## TASK DESCRIPTION
Write the records out exactly, so that no picture remains in the copy.

● ● ● ● ●

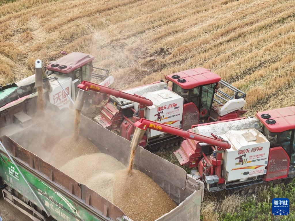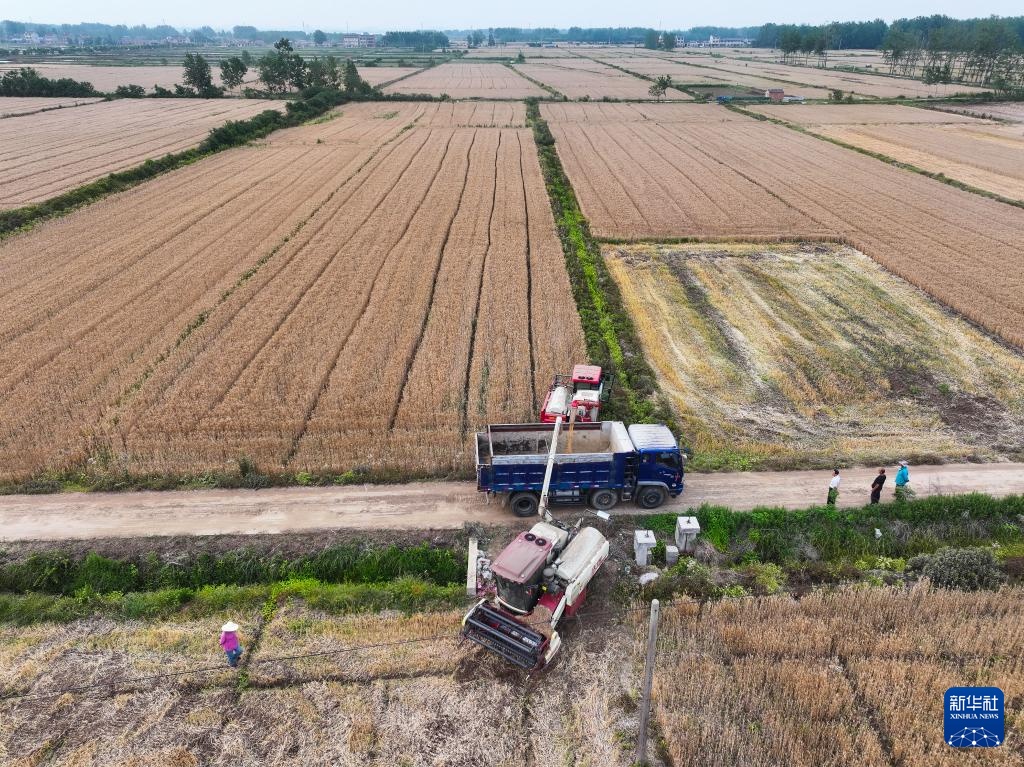 在盱眙县种粮大户刘凯的承包田旁,收割机将小麦装车(5月27日摄,无人机照片)。
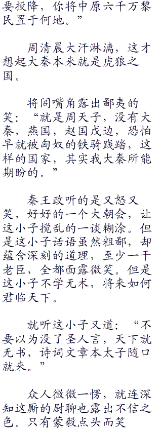 让一步海阔天空,只不过秦王能忍,这小子从来不忍,眼看着父王黯然归座,这厮笑嘻嘻的站起身来,向着嬴政一礼道:“启禀大王,儿臣有话要说。”
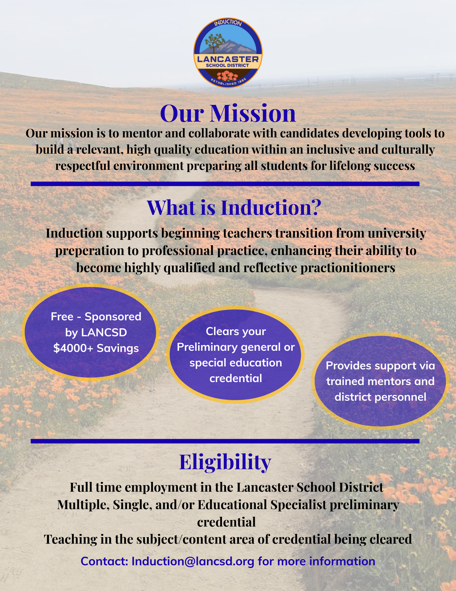 The Lancaster-Eastside Teacher Induction Program is a locally designed program that provides an essential bridge between teacher preparation and the attainment of a California Clear Credential. Grounded in the California Standards for the Teaching Profession (CSTP) and aligned with the California Commission on Teacher Credentialing Induction Standards, our program supports the growth and development of newly credentialed teachers while ensuring a pathway to professional licensure.
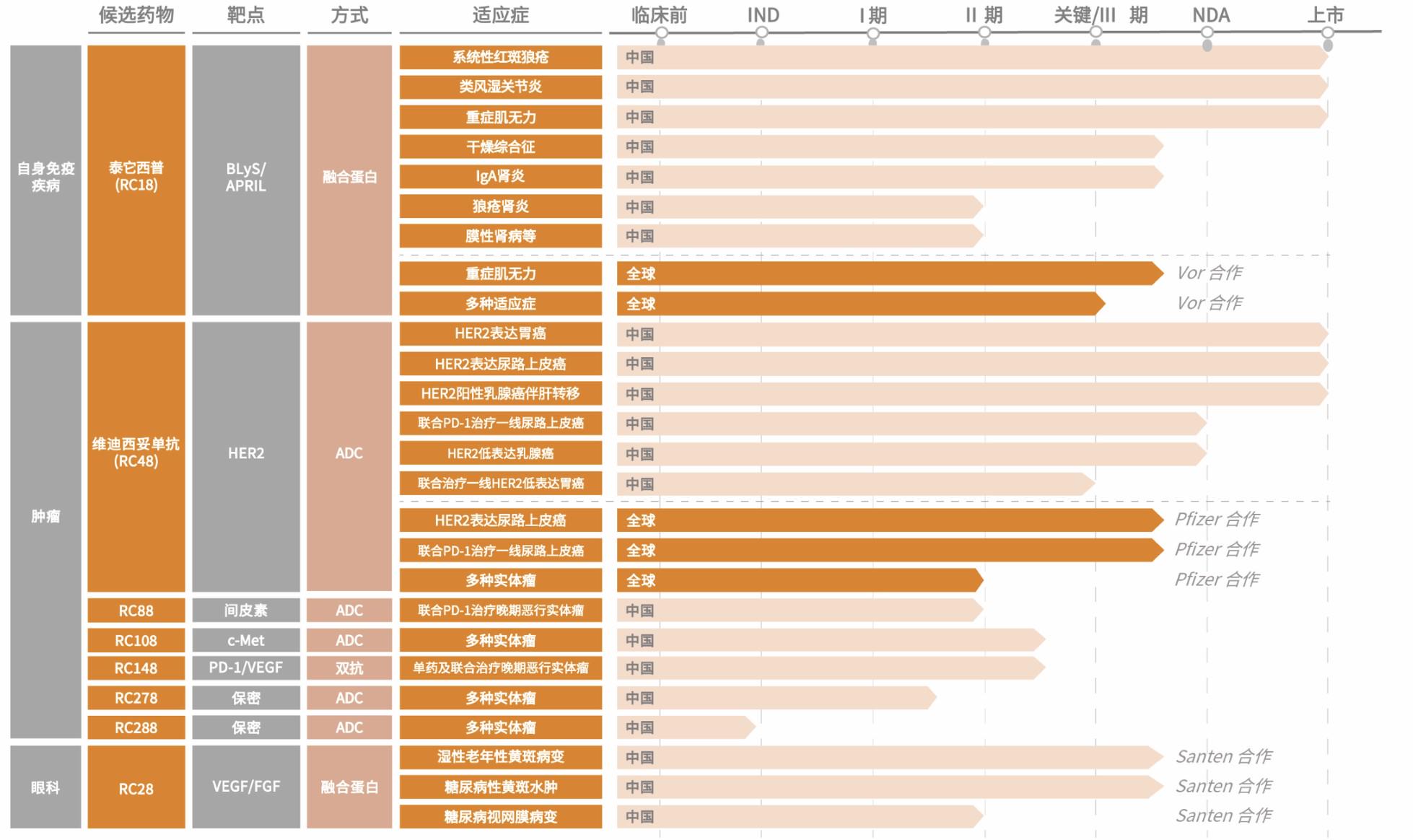 荣昌生物在研管线及BD授权情况(图源荣昌生物官网)
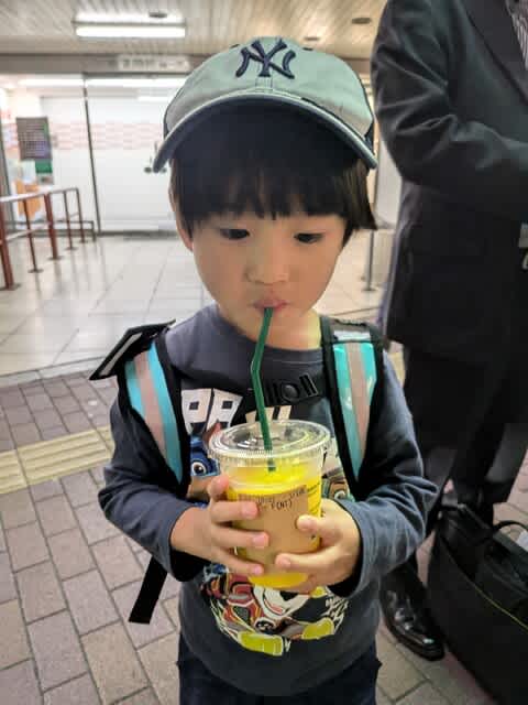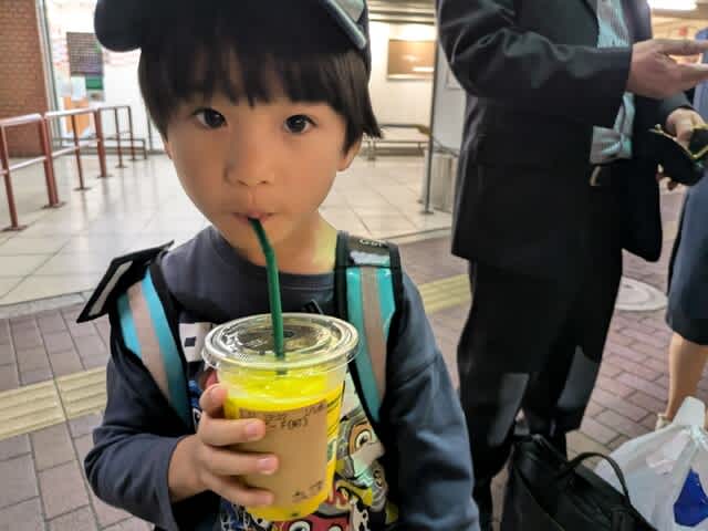 イレギュラーと言うか、カロリー摂取の為に仕方なくマンゴーフラペチーノ🥭🥤を買い与えた。夕飯の量、正直少なく思ったから、せめて少しながら糖質とビタミン?と思って買ったのよね。で、三軒茶屋のスタバを出て、バスに🚍乗る前に飲みきるかと思ったら、飲みきらず、で…。持ち帰り用の紙袋を貰わなかったので、おいらかカップを持ってバスに。その時、ちょっと?飲んでしまったのよね。

● ● ● ● ●

## RESULT
 在盱眙县种粮大户刘凯的承包田旁,收割机将小麦装车(5月27日摄,无人机照片)。
 让一步海阔天空,只不过秦王能忍,这小子从来不忍,眼看着父王黯然归座,这厮笑嘻嘻的站起身来,向着嬴政一礼道:“启禀大王,儿臣有话要说。”
 The Lancaster-Eastside Teacher Induction Program is a locally designed program that provides an essential bridge between teacher preparation and the attainment of a California Clear Credential. Grounded in the California Standards for the Teaching Profession (CSTP) and aligned with the California Commission on Teacher Credentialing Induction Standards, our program supports the growth and development of newly credentialed teachers while ensuring a pathway to professional licensure.
 荣昌生物在研管线及BD授权情况(图源荣昌生物官网)
 イレギュラーと言うか、カロリー摂取の為に仕方なくマンゴーフラペチーノ🥭🥤を買い与えた。夕飯の量、正直少なく思ったから、せめて少しながら糖質とビタミン?と思って買ったのよね。で、三軒茶屋のスタバを出て、バスに🚍乗る前に飲みきるかと思ったら、飲みきらず、で…。持ち帰り用の紙袋を貰わなかったので、おいらかカップを持ってバスに。その時、ちょっと?飲んでしまったのよね。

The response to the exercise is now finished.